# Your Bag



## Nightprowler (Apr 21, 2004)

Hey Guys
What's in your Crappie Tackle Bag and what does it look like (need pictures)? Whats your go to lure for each seasons (pictures help)? 
Thanks for the help


----------



## chaunc (Apr 11, 2004)

Show us your bag first....


----------



## Smallmouth Crazy (Apr 4, 2006)

I got turned onto a cool way to catch gills this last fall, a buddy of mine showed me at a farm pond, he would tie on a fly and then put a small round float above it about 2 or 3 ft, wing it out there and just reel it back slow, the gills went nuts after it, the flys even when soaked would only sink a inch so which enabled a nice little surface bite, I look forward to trying it again in the spring.


----------



## chaunc (Apr 11, 2004)

Smallmouth Crazy said:


> I got turned onto a cool way to catch gills this last fall, a buddy of mine showed me at a farm pond, he would tie on a fly and then put a small round float above it about 2 or 3 ft, wing it out there and just reel it back slow, the gills went nuts after it, the flys even when soaked would only sink a inch so which enabled a nice little surface bite, I look forward to trying it again in the spring.
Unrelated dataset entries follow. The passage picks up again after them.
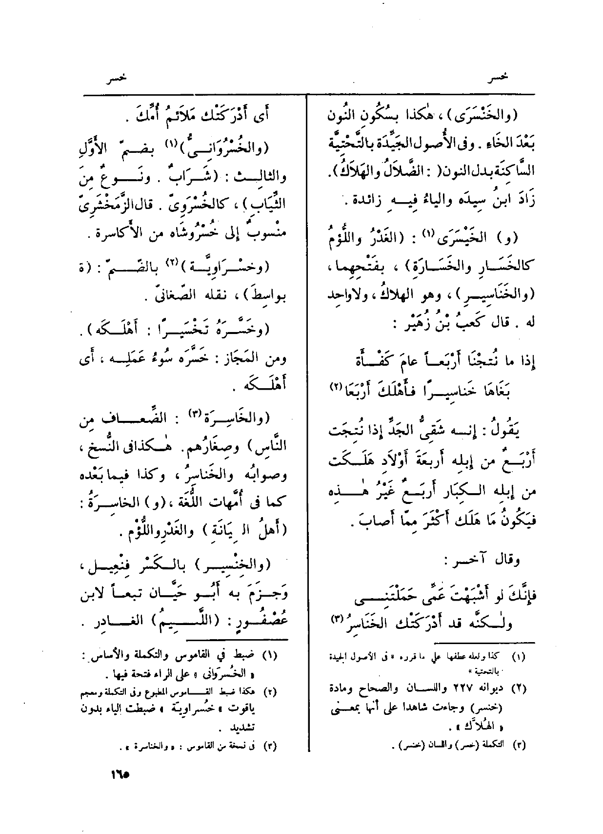 (و) الخَيْسَرَى: (الغَدْرُ واللُّؤمُ كالخَسَارِ والخَسَارَةِ) ، بفَتْحِهِما، (والخَنَاسِيرِ) ، وَهُوَ الهلاكُ، وَلَا واحِد لَهُ. قَالَ كعبُ بنُ زُهَيْر: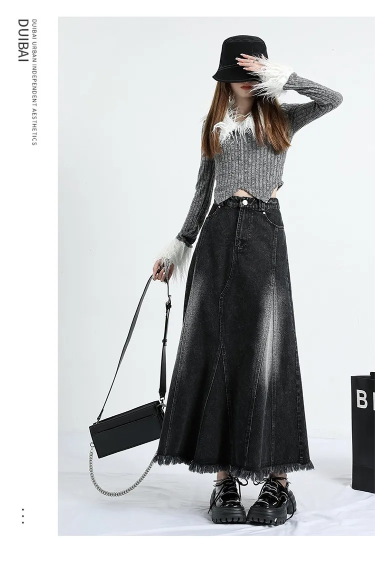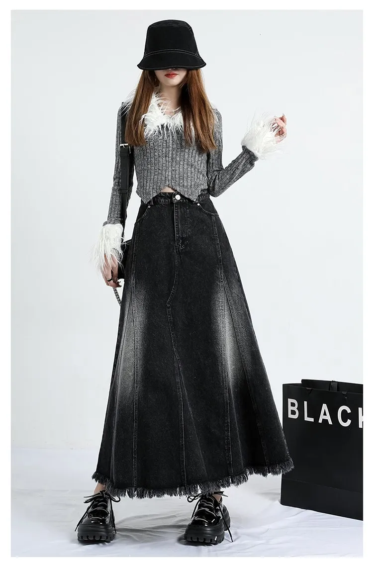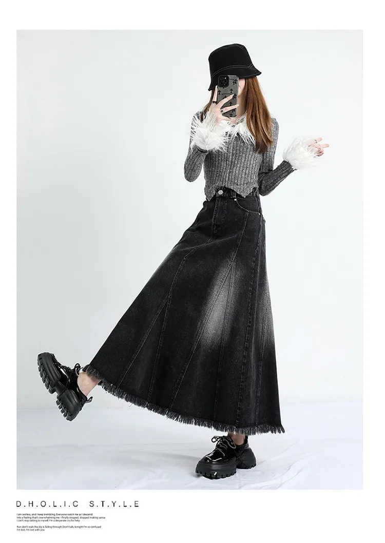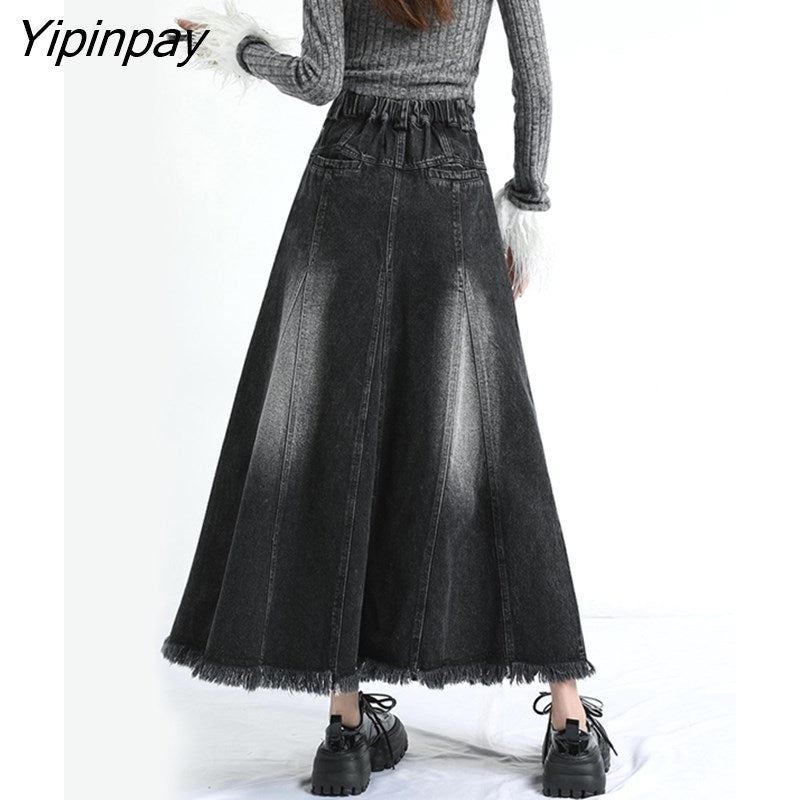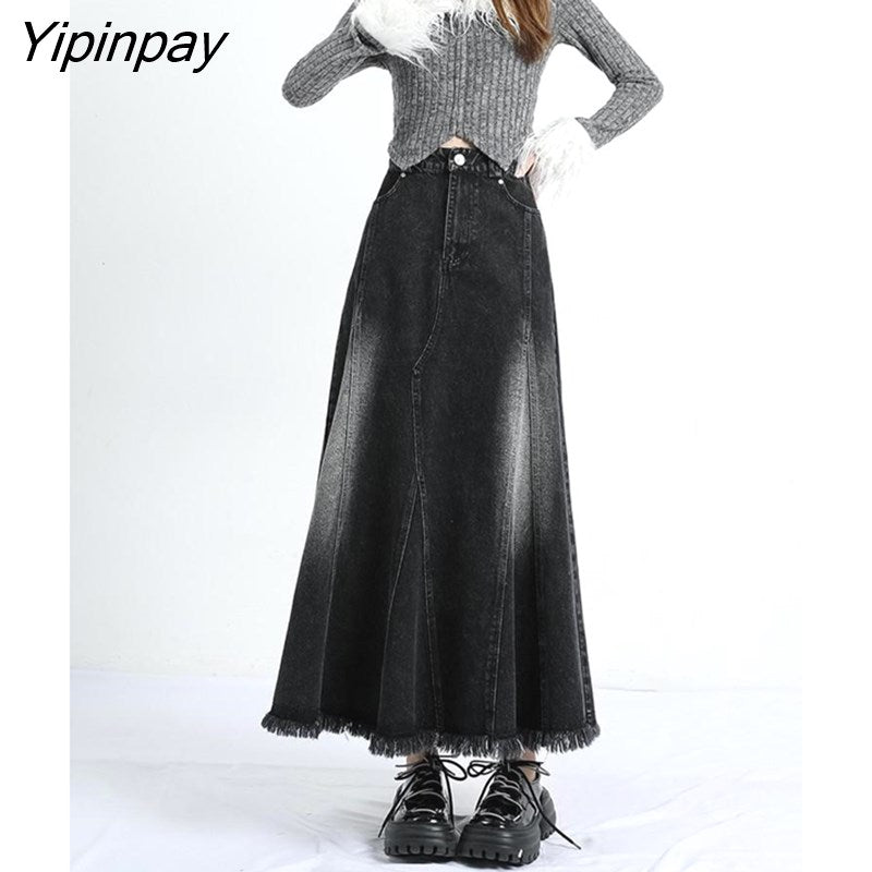 Yipinpay Irregular Long A-line Denim Skirt For Women High Waist Balck Jean Skirts For Ladies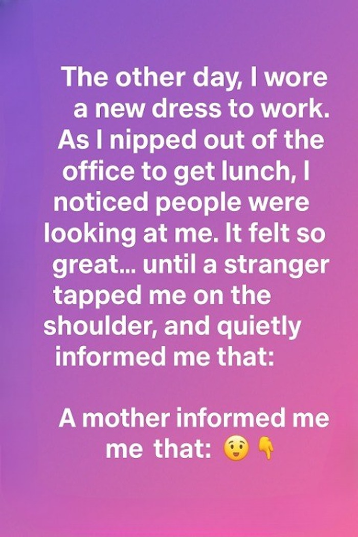 For a split second, I didn’t process what she said. Then my hand instinctively went to the side of my dress, and sure enough — there it was. The tag. Dangling freely for the world to see, bold letters and all.
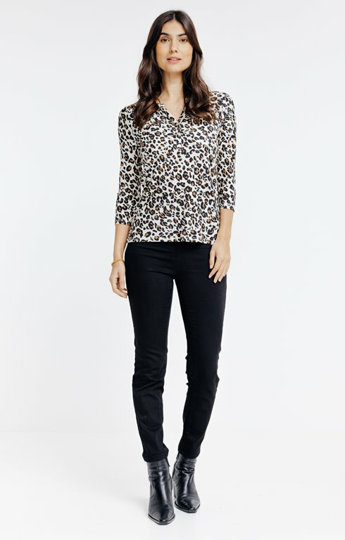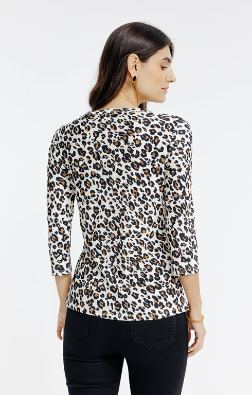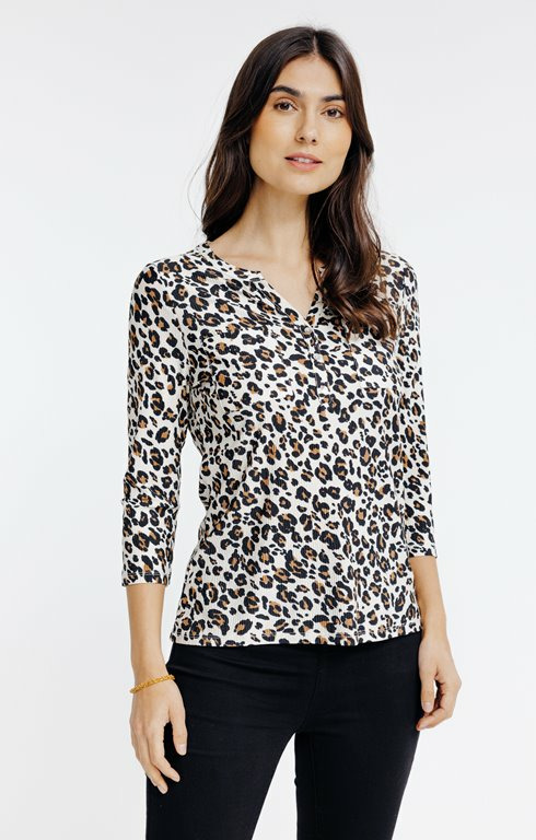 Tee-shirt col mao imprimé léopard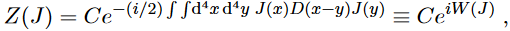 where D(x − y) obeys eq. (40). The overall normalisation factor C clearly does not depend on J, but on the determinant of D which has no interest.Observe that C = Z(J = 0) so that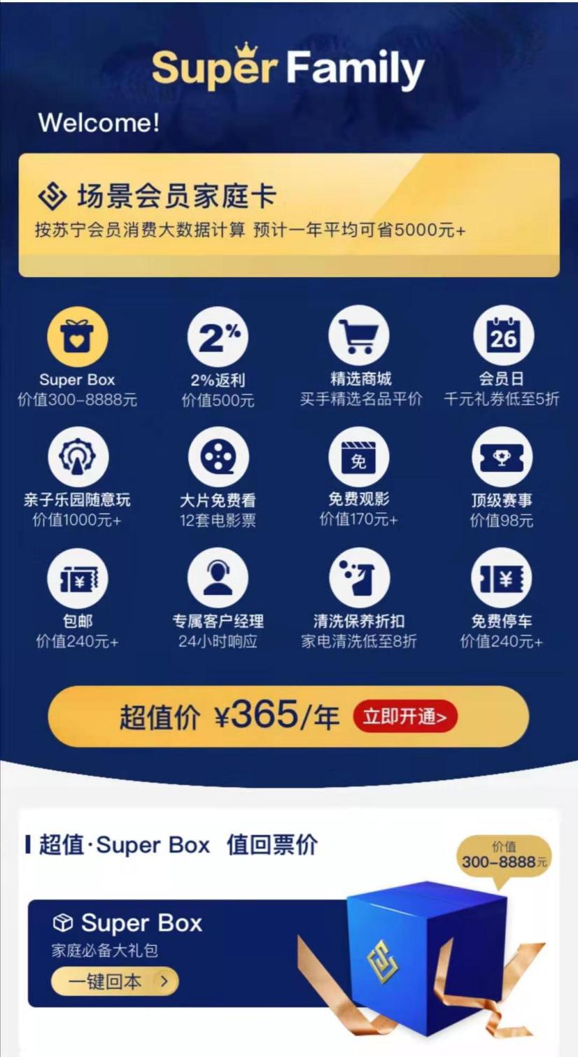 Super Family是一款基于“家”概念打造的場(chǎng)景會(huì)員。調(diào)集了蘇寧全場(chǎng)景服務(wù)能力,滿(mǎn)足不同家庭成員需求。比如備受關(guān)注的實(shí)物盲盒Super Box,有四個(gè)系列供用戶(hù)選擇:滿(mǎn)足家庭清潔的貼心系列、滿(mǎn)足家人味蕾的星廚系列、滿(mǎn)足健康需求的活力系列和滿(mǎn)足家居需求的美家系列。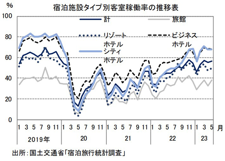 神様:まさにその通りです。宿泊施設タイプ別の客室稼働率の推移を見ると、コロナ禍からの回復の早さに差があることがわかります。シティホテルやビジネスホテルは比較的早い回復が見られますが、旅館やリゾートホテルは鈍い動きとなっています。

Take the back treble hook off of a tiny rapala floater. Add a 6" piece of line with a fly tied to it. Leave the treble on the belly. Cast it out and work it back like you're bobber fishing. You may catch some monster gills on the floater too. Or crappie. Or bass. Or.......


----------



## Smallmouth Crazy (Apr 4, 2006)

chaunc said:


> Take the back treble hook off of a tiny rapala floater. Add a 6" piece of line with a fly tied to it. Leave the treble on the belly. Cast it out and work it back like you're bobber fishing. You may catch some monster gills on the floater too. Or crappie. Or bass. Or.......


Thats interesting..I never thought of that.


----------



## wave warrior (Oct 2, 2005)

chaunc said:


> Take the back treble hook off of a tiny rapala floater. Add a 6" piece of line with a fly tied to it. Leave the treble on the belly. Cast it out and work it back like you're bobber fishing. You may catch some monster gills on the floater too. Or crappie. Or bass. Or.......


hmm...that is the same set-up that billybob7059 used to take big fish 2 years ago at crappie tourny!!! it is a great bait for slow trolling to locate the active fish when they are not hitting live bait!!


----------